**Work to complete**
Retype, exactly and with nothing added, the lines from the one showing "一些自带热度的总裁会使用个人" through the final line of the material. Omit pictures.

**Source data**
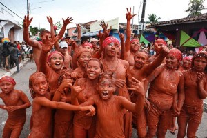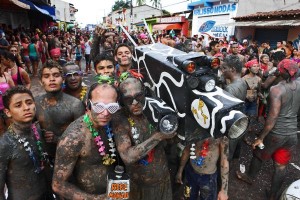 O grupo de Leonardo Rocha, 20 anos, Mayara Neves, 15, e Gilberto da Silva, 27, foi um dos que se despiram das roupas limpas e entraram no manguezal para se pintar com o tijuco, como é conhecido o barro do mangue. Pela terceira vez, eles repetem o rito, para desfilar com o bloco pela cidade. “Depois que você se lambuza na primeira vez, não tem como não fazer novamente”, disse Leonardo.
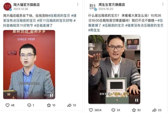 一些自带热度的总裁会使用个人账号,最典型的是雷军在11月1日的返场直播中分享征战纽北的幕后故事;现身自家品牌的直播间也比较常见,如周大福、周生生、老庙三家头部珠宝品牌的高管,都于10月底在官方旗舰店账号开播。
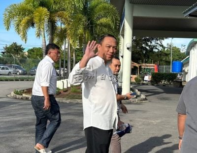 民统党下南南区候选人拿督黄天福抵达候选人提名中心里卡士 MAKSAK 会堂。

**Result of the task**
 一些自带热度的总裁会使用个人账号,最典型的是雷军在11月1日的返场直播中分享征战纽北的幕后故事;现身自家品牌的直播间也比较常见,如周大福、周生生、老庙三家头部珠宝品牌的高管,都于10月底在官方旗舰店账号开播。
 民统党下南南区候选人拿督黄天福抵达候选人提名中心里卡士 MAKSAK 会堂。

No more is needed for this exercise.